• Available records:
══════════
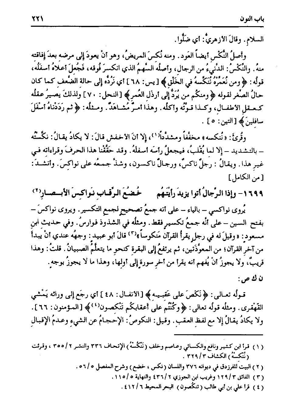 يروى نواكسي -بالياء - على أنه جمع تصحيحٍ لجمع التكسير. ويروى نواكس -بفتح السين -على أنه جمع تكسيرٍ فقط. ومثله في الشذوذ فوارس. وفي حديث ابن مسعودٍ: «وقيل له في رجل يقرأ القرآن منكوسًا» قال أبو عبيد: وجهه عندي أن يبدأ من آخر القرآن؛ من المعوذتين، ثم يرتفع إلى البقرة كنحو ما يتعلم الصبيان. قلت: هذا قريبٌ، ولا يجوز أن يفهم أنه يقرأ من أخر سورةٍ إلى أولها، وهذا ما لا يجوز بوجهٍ.
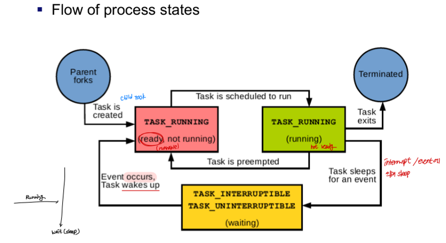 - waiting condition이 true가 되었거나, signal을 받았을 때 kernel이 process 의 state를 TASK_RUNNING으로 설정
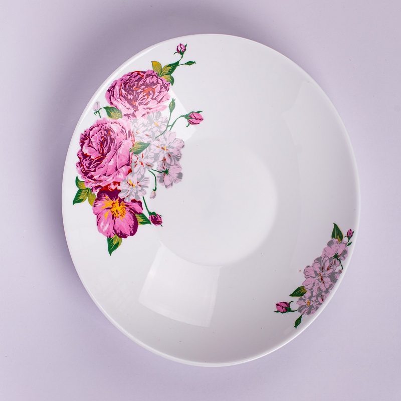 Тарелка овальная  обеденная   с рисунком лавандовых пионов
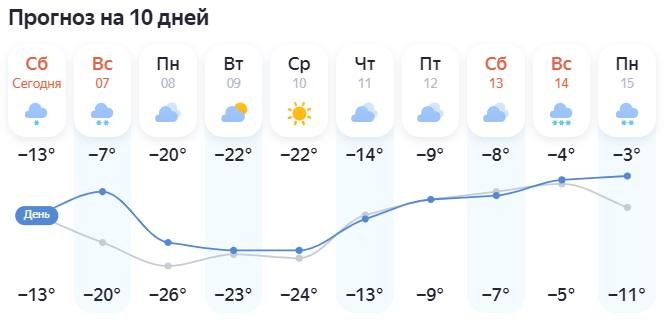 Прогноз «Яндекс Погоды» совпадает с официальным: сильные морозы с 8 по 10 декабря. Ночью ожидается -24…-26°, днем -20…-22°. Уже в четверг и пятницу температура поднимется до -9…-14 градусов.
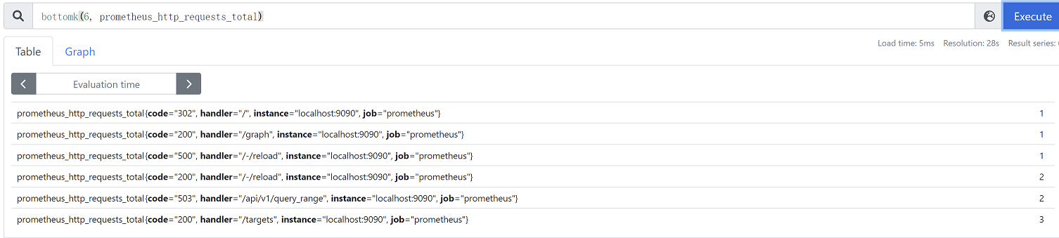 bottomk(6, prometheus_http_requests_total) #取从小到大的前6个
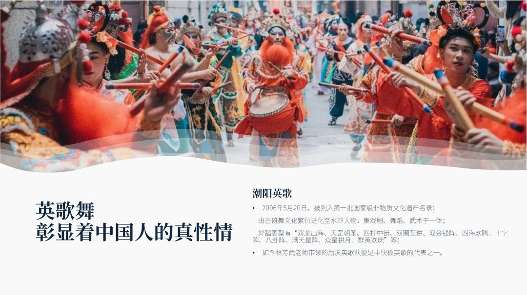 由古代傩舞进化而来,是潮汕地区广泛流行,集戏剧、舞蹈、武术于一体的民间艺术。它扬正压邪,在全国乃至世界的范围内,找不到另一种舞蹈语言像英歌舞这样充满豪迈、刚健、激奋。
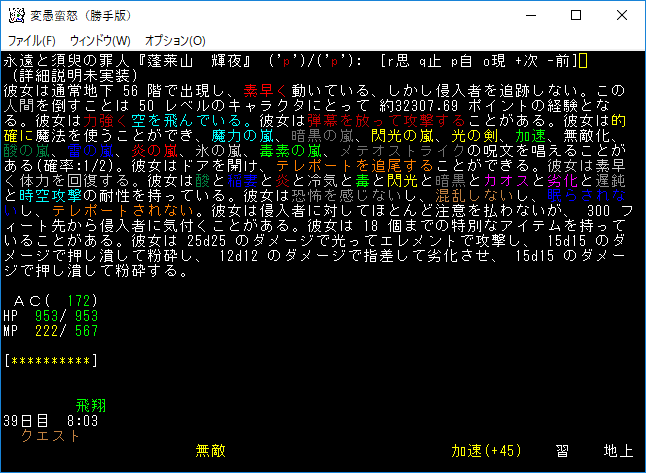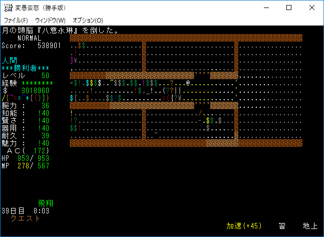変愚蛮怒東方Project勝手版のプレイ日記を始めます。輝夜への刺客クエストを楽しんでいます!『鈴仙・優曇華院・イナバ』の撃破に成功。この勢いでクエストを達成しよう。
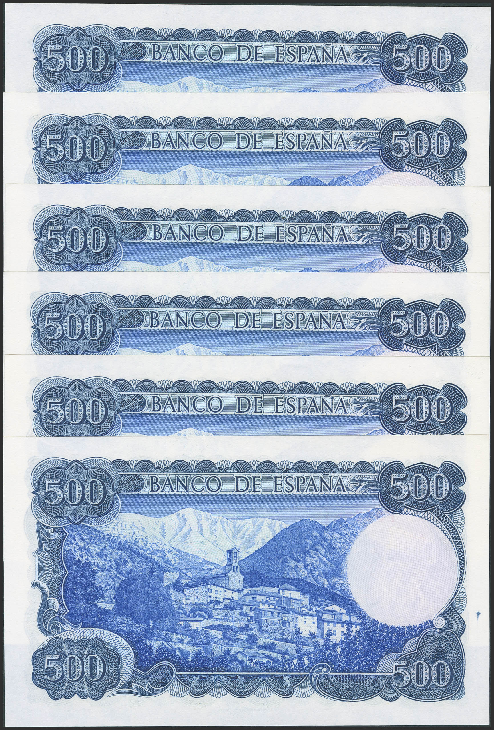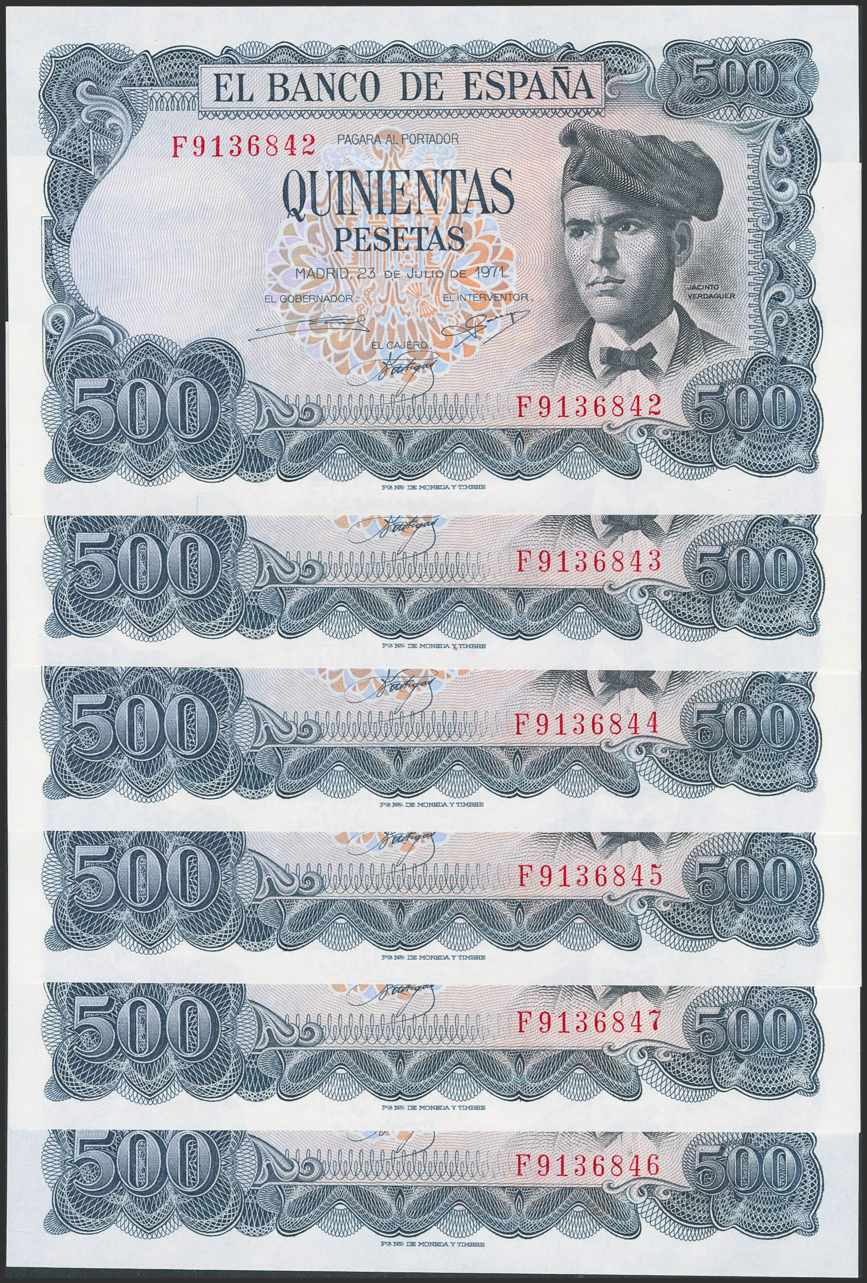 Conjunto de 6 billetes correlativos de 500 Pesetas emitidos el 23 de Julio de 1971 con la serie F. (Edifil 2023: 473a). SC.
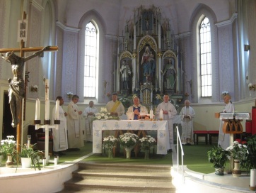 Minden tekintetben szerényebben ünnepelnek a hétvégén Muzslyán: a templombúcsú alkalmával megtartották szombaton a búcsúi szentmisét, amelyet az utóbbi években szombatonként tartanak a bánáti papokkal együtt ünnepelve. Ezúttal a szentmisét a Szűz Mária Szent Neve templomban ft. Palatinus István szabadkai plébános celebrálta, a helyi plébánoson, Kalapis Sztoján atyán, Jelen Janez atyán és Sándor Zoltán állandó diakónuson kívül közreműködött még Elias Ohoiledwarin nezsényi és szentmihályi plébániai kormányzó, Szemerédi Pál székelykevei plébános, Tapolcsányi Emánuel tordai plébániai kormányzó, mons. Tietze Jenő nyugalmazott atya, valamint Erős Mihály ürményházi plébános.
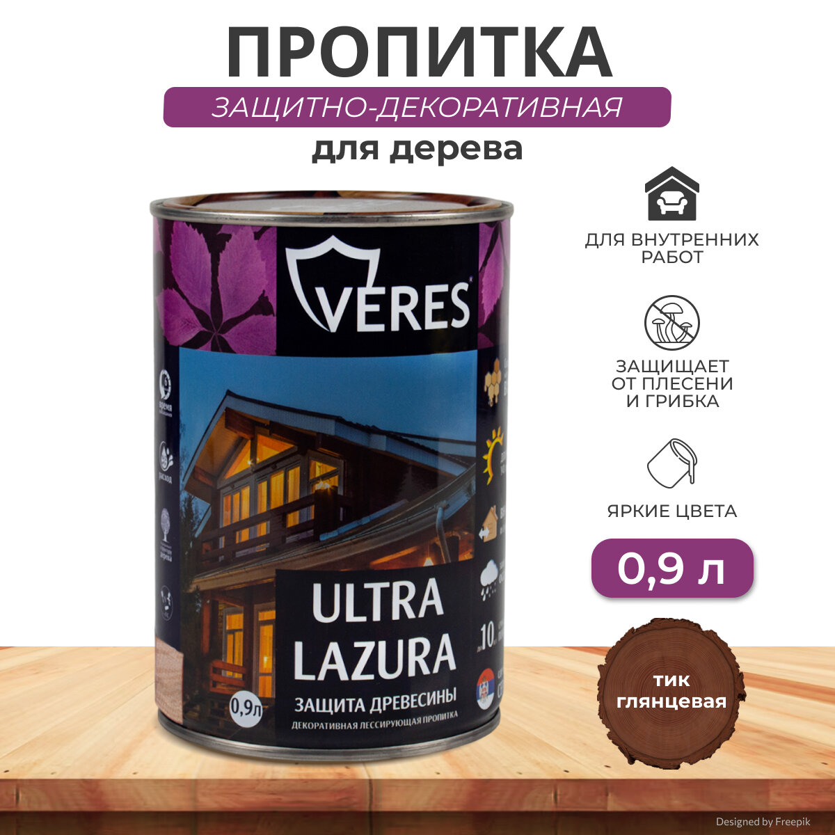 Купить Декоративная пропитка для дерева Veres Ultra Lazura №3, глянцевая, 0,9 л, тик
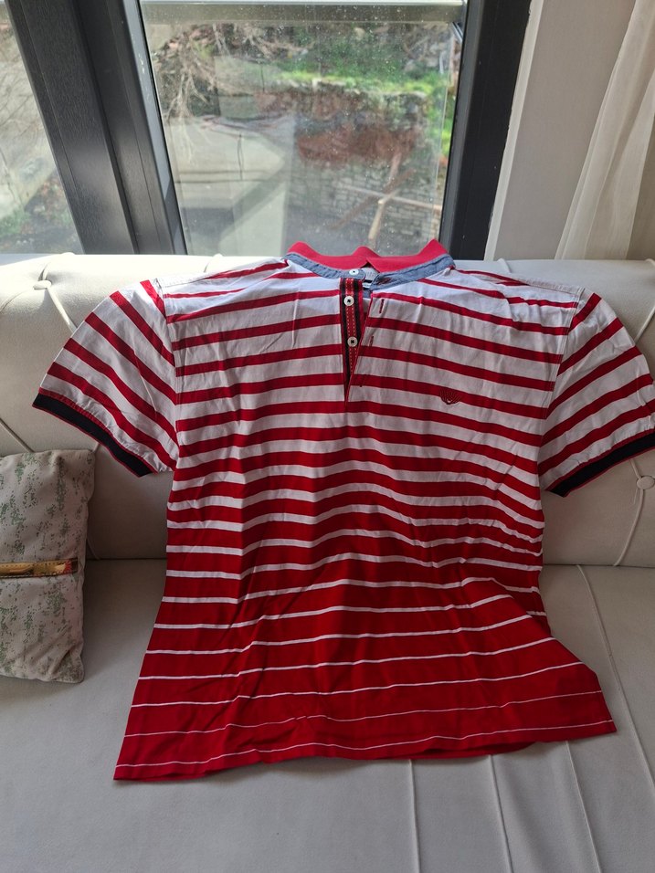 Kırmızı Çizgili Kısa Kollu Polo Tişört
══════════
Take the material above from the line bearing "до -9…-14 градусов." through the line bearing "Conjunto de 6" and write it out exactly, both end lines included. Pictures stay out.

• Response to the task:
 Прогноз «Яндекс Погоды» совпадает с официальным: сильные морозы с 8 по 10 декабря. Ночью ожидается -24…-26°, днем -20…-22°. Уже в четверг и пятницу температура поднимется до -9…-14 градусов.
 bottomk(6, prometheus_http_requests_total) #取从小到大的前6个
 由古代傩舞进化而来,是潮汕地区广泛流行,集戏剧、舞蹈、武术于一体的民间艺术。它扬正压邪,在全国乃至世界的范围内,找不到另一种舞蹈语言像英歌舞这样充满豪迈、刚健、激奋。
変愚蛮怒東方Project勝手版のプレイ日記を始めます。輝夜への刺客クエストを楽しんでいます!『鈴仙・優曇華院・イナバ』の撃破に成功。この勢いでクエストを達成しよう。
 Conjunto de 6 billetes correlativos de 500 Pesetas emitidos el 23 de Julio de 1971 con la serie F. (Edifil 2023: 473a). SC.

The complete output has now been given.